Step-by-Step Solution:
Step 1: Write the doubling condition: A = 2P. Step 2: Since A = P + SI, we have 2P = P + SI, so SI = P. Step 3: Use the simple interest formula SI = (P * r * t) / 100. Step 4: Substitute SI = P into the formula: P = (P * r * t) / 100. Step 5: Cancel P from both sides (P is nonzero), giving 1 = (r * t) / 100. Step 6: Rearrange to get r = 100 / t. Step 7: Convert 16 2/3 years to an improper fraction: 16 2/3 = (50 / 3) years. Step 8: Substitute t = 50 / 3 into r = 100 / t: r = 100 / (50 / 3) = 100 * 3 / 50. Step 9: Simplify: 100 * 3 / 50 = 300 / 50 = 6. Step 10: Therefore, r = 6% per annum.

Verification / Alternative check:
We can check the result numerically. Assume P = ₹100 for simplicity. With r = 6% and t = 16 2/3 years, simple interest is: SI = (100 * 6 * (50 / 3)) / 100 = (600 * 50 / 3) / 100 SI = (30000 / 3) / 100 = 10000 / 100 = 100 So the amount A = P + SI = 100 + 100 = 200, which is exactly double the principal. This confirms that 6% per annum is consistent with the doubling condition.

Why Other Options Are Wrong:
4%: At 4% per annum, the product r * t is less than 100, so the amount would not double in 16 2/3 years.
5%: With 5%, r * t becomes about 83.33, still not enough to double the principal.
6.5%: Here r * t is greater than 100, meaning the amount would increase to more than double.
3%: This rate is too low and would result in much less than doubling over the given time.

Common Pitfalls:
A frequent mistake is to treat the mixed fraction 16 2/3 as 16.2 or 16.67 without using the exact fractional form, which can introduce rounding errors.
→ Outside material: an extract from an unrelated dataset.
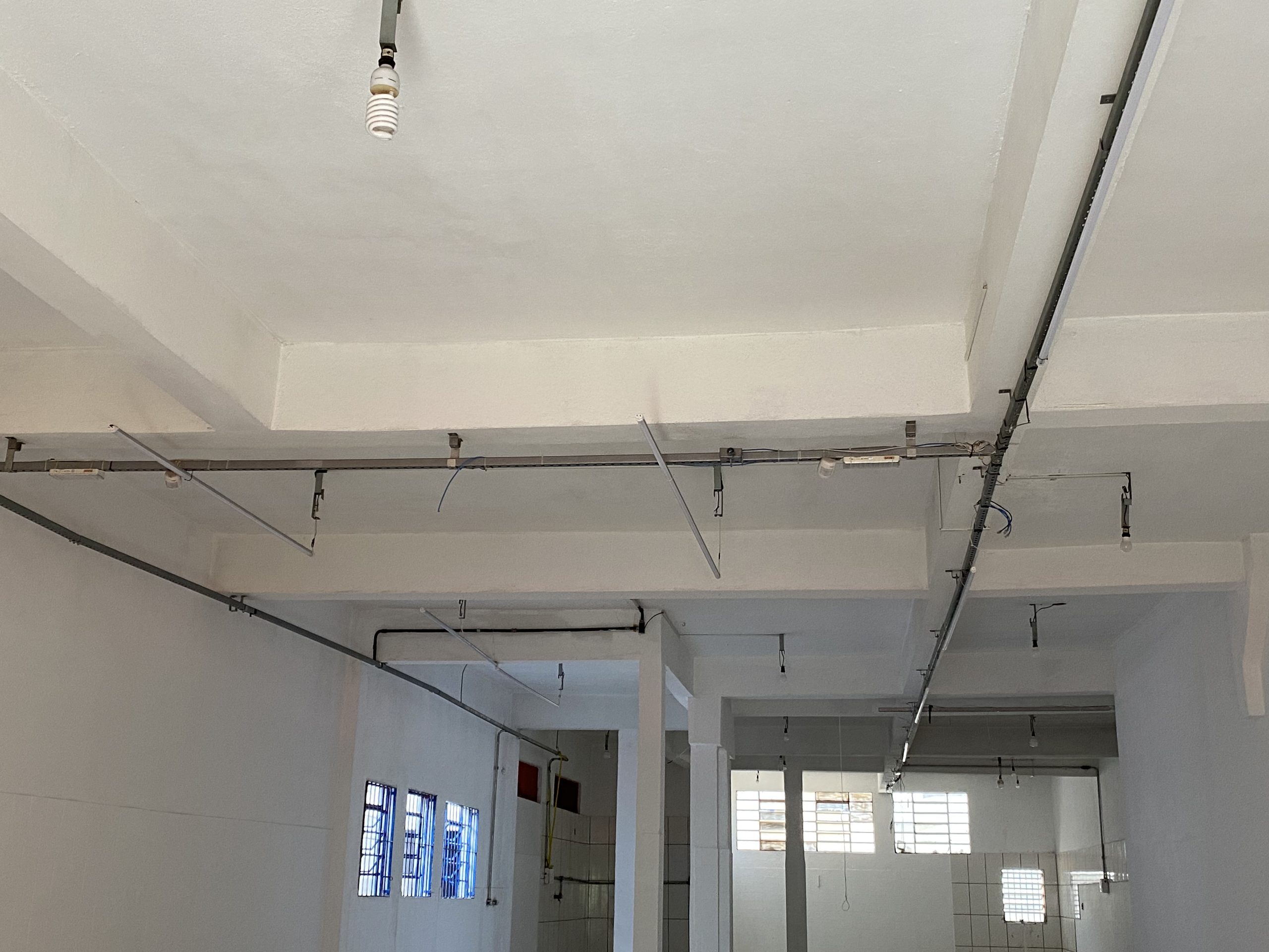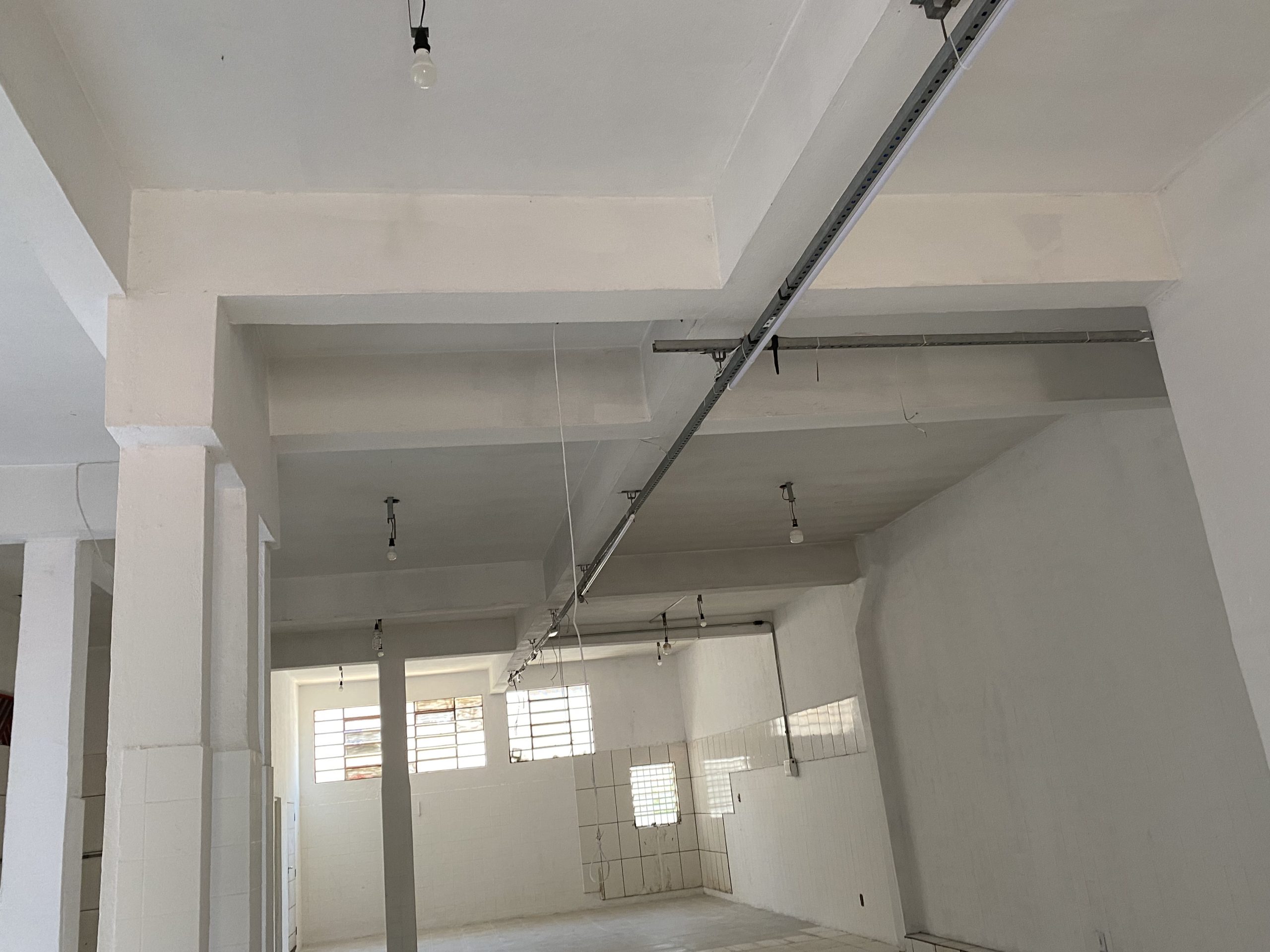 • Paredes com revestimento cerâmico, parte com iluminação fluorescente.

Some learners also forget that doubling implies SI equals the principal and instead try to write separate expressions for amount and interest. Always convert mixed fractions properly and simplify the condition A = 2P to SI = P before applying the simple interest formula.

Final Answer:
The required annual simple interest rate that doubles the sum in 16 2/3 years is 6% per annum.